In high school, my life simply sucked, especially from a social standpoint. Making friends was a mystery to me, and instead of stepping out, I reigned myself in. I ate lunch by myself in the hallway every day, avoiding eye contact and conversation. I was comfortable, but somewhat miserable. I knew I was a freak in the eyes of many. How could a loving and powerful God let me be miserable in what was supposed to be the “best” time of my life? I couldn’t find any answer, so I went looking somewhere new.

I first learned about Buddhism during a unit in my middle school social studies class. The religion promoted a sense of peace, a gift that I was desperately searching for at 15. I knew that a family friend was a casual practitioner, so I asked her if she could give me any insight into the unknown. She lended me several books, including one on meditation. I read and read, trying to learn as much as possible in a rather short amount of time. The Dalai Lama talked about achieving real happiness, one that was not dependent on material possessions or trying to be better than everyone else. But I had made a preconceived “error” that I had completely forgotten about: my first mission trip with my church. I had signed up months before, and the time to go on this new adventure was upon me.

Everything changed on that trip.

I’ll keep the detail as brief. The most important part to come from that trip was that I accepted Jesus into my life. Obviously this is a big deal in the life of a Christian, and it was no different with me.

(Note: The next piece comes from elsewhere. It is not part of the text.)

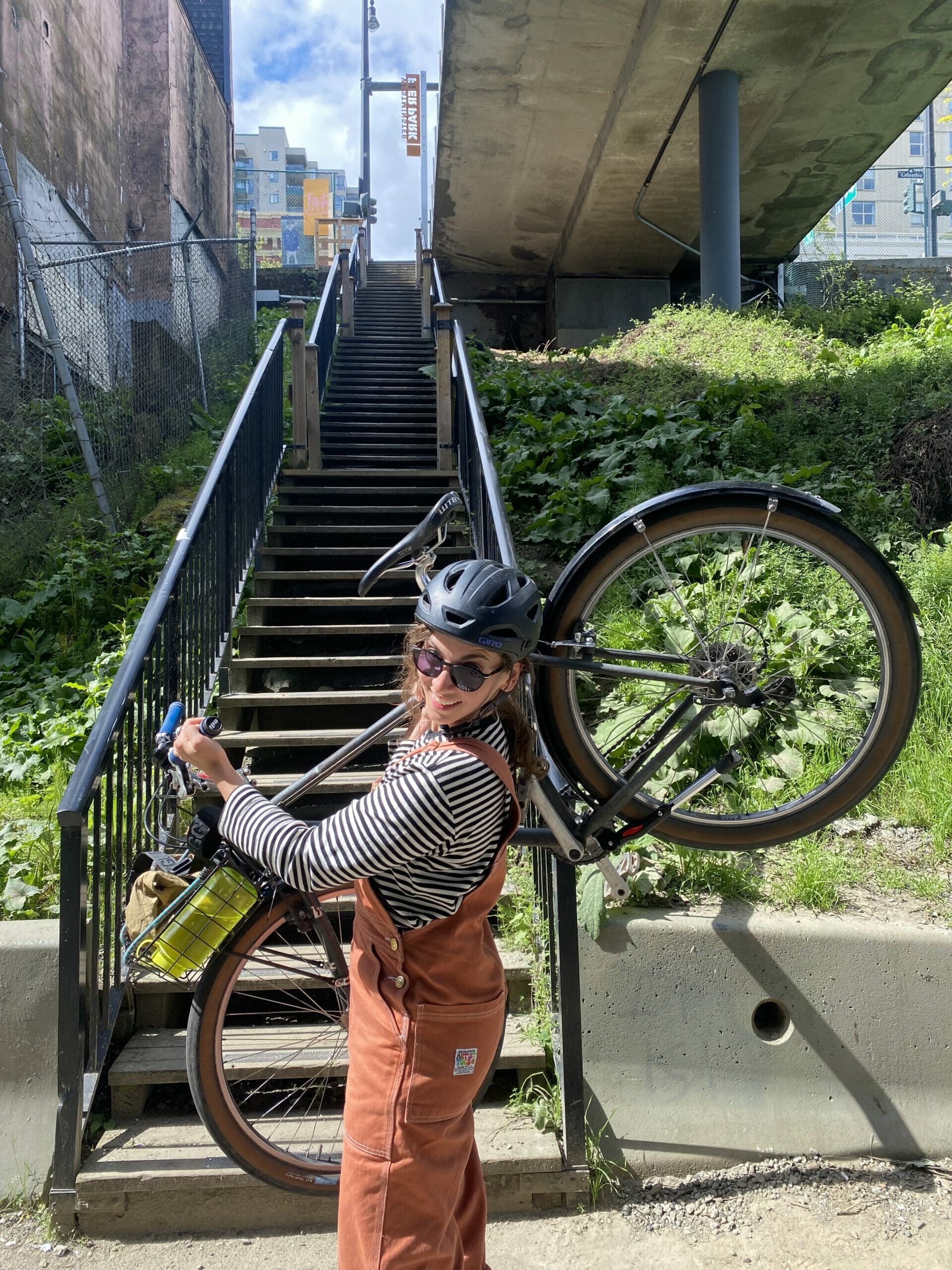 Unfortunately, the bike path that Google recommended did not exist due to the construction, and in order to avoid backtracking, we ended up hiking our bikes up a set of stairs to get to Columbia Street

From that day on, I dedicated most of my life to a Higher Power, and wanted to do as much ad I could. I threw myself into working with the youth group, volunteering at our many events and going on annual mission trips. I even got the chance to do my own sermon during on of the youth services, and to this day it is still one of my proudest moments. I actively studied the Bible, wanting to find out what was in the holy book for myself. I wrote poems and blog pieces on what I thought about God, and later on began reading commentaries from legends like C.S. Lewis.

I’m sure that many people saw me as a “Jesus Freak”, probably thinking about the stereotypes that are often portrayed about Christian teens. But I don’t think I was anything like that. Being a Christian was not about me wanting to seem better than my counterparts. Yes, there were many times where I didn’t agree with the choice they made, but that was on them. I knew that I was pretty far from being perfect myself and had no right to judge others, many of whom were going through the same struggles as me. Instead, me being in tune with my spiritual side gave me the hope that I so desperately needed at that time in my life. I learned how to empathize with others and perform charity with those who were less fortunate. I did not focus my time on trying to be popular or being someone who I knew deep down I wasn’t. My story was different, and I was thankful for that fact.

God has been in my life since the very beginning, and even though my faith has gone through many phases of evolution over the years, I still believe in something bigger than this world. I’m thankful for having the choice that I did to explore what I liked and didn’t like, and not having faith forced on me by my parents. I still don’t have all the answers, but I have the rest of my life to explore and find out more.